## What you need to do
Your answer should show every line of the material below that includes "World".
═══ Given data ═══
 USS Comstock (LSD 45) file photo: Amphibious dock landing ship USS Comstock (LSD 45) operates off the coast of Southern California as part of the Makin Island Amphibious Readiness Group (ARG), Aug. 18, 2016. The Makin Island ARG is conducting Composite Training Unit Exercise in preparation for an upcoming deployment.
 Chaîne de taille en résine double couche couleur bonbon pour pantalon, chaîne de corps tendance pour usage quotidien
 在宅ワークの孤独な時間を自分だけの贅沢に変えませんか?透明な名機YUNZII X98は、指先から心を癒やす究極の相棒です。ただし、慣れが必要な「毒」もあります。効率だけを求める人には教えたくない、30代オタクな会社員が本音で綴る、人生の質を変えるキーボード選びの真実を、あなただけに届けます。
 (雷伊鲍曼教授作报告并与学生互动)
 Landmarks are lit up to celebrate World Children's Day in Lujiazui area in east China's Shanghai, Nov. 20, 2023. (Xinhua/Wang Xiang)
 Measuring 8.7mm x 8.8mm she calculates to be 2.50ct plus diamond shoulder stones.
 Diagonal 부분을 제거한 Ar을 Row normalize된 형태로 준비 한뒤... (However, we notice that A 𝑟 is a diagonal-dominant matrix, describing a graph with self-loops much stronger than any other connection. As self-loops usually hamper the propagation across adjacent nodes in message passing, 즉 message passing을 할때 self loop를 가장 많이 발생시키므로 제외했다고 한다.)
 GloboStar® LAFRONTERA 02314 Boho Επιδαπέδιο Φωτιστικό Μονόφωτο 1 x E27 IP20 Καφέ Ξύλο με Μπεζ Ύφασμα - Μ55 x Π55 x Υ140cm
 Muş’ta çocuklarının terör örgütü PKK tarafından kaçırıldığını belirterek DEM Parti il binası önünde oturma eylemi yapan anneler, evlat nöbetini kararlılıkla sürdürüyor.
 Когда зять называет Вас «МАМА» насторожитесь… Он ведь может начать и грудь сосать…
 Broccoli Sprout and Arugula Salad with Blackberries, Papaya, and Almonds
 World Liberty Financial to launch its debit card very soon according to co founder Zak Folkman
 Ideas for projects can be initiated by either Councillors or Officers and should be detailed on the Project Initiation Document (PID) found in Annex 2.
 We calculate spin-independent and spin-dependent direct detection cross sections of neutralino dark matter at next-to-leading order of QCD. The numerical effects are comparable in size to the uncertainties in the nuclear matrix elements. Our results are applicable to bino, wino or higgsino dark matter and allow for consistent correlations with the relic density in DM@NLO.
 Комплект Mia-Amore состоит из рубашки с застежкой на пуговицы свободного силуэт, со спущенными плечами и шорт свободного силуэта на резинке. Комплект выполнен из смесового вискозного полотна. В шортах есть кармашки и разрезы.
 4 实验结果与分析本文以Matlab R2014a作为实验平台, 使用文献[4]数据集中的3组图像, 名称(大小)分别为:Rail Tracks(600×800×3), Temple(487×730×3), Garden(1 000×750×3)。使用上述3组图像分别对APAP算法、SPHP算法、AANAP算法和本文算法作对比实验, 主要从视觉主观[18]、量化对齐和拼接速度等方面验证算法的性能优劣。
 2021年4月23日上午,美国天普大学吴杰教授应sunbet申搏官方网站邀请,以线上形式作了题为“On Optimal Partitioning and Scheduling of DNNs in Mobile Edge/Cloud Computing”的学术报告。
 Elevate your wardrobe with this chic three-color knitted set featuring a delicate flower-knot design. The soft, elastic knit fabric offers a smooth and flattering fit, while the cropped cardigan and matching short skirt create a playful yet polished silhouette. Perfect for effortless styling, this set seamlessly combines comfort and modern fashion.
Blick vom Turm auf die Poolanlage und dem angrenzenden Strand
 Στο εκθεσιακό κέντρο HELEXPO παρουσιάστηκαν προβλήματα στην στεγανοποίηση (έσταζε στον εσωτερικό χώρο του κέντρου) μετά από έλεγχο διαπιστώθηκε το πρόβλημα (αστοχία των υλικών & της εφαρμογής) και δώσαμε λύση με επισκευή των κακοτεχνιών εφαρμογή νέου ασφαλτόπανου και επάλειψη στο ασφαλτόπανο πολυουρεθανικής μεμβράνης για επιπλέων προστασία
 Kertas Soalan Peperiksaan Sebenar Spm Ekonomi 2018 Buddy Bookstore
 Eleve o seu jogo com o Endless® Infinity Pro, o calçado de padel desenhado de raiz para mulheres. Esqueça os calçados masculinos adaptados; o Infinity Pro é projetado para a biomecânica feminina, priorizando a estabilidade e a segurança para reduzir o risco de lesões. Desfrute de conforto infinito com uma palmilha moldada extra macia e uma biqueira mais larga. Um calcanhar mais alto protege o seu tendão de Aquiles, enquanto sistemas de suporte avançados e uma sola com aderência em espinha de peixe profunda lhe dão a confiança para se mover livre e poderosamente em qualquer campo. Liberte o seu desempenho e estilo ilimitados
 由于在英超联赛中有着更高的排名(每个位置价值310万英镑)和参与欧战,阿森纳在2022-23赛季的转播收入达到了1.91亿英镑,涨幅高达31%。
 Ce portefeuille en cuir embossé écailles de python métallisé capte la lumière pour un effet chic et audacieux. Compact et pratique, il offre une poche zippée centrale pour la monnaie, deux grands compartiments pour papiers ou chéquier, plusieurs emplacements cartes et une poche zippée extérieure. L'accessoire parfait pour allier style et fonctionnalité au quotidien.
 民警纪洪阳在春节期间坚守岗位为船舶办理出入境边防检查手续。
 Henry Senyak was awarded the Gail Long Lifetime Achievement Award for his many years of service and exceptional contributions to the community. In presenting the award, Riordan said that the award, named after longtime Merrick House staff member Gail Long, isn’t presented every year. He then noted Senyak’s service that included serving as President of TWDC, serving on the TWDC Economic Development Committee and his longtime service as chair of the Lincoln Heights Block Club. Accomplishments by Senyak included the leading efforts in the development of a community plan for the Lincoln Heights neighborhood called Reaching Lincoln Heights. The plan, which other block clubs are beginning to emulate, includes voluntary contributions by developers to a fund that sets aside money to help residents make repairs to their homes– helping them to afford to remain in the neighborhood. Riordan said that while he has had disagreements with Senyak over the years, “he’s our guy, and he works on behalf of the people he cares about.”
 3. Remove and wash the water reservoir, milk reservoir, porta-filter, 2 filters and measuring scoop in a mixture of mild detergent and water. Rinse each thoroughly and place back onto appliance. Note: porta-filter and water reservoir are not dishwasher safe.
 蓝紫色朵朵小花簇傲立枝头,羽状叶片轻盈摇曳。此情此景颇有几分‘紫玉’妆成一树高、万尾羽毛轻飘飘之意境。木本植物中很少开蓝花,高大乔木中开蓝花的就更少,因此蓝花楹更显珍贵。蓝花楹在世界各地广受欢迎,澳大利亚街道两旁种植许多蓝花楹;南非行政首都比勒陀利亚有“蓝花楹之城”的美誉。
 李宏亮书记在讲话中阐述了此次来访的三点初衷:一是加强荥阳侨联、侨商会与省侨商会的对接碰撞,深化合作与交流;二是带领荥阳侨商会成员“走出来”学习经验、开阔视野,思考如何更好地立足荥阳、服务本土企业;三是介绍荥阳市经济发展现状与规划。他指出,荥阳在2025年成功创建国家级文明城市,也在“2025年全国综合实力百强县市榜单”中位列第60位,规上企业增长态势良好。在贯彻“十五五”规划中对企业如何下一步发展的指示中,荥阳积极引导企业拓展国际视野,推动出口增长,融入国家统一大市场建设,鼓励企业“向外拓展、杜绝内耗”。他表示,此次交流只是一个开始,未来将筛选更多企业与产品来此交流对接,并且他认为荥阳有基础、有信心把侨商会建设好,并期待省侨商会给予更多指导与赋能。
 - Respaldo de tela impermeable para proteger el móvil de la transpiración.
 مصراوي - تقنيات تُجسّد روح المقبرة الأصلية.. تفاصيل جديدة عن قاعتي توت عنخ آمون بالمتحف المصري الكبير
═══
## Result
 Landmarks are lit up to celebrate World Children's Day in Lujiazui area in east China's Shanghai, Nov. 20, 2023. (Xinhua/Wang Xiang)
 World Liberty Financial to launch its debit card very soon according to co founder Zak Folkman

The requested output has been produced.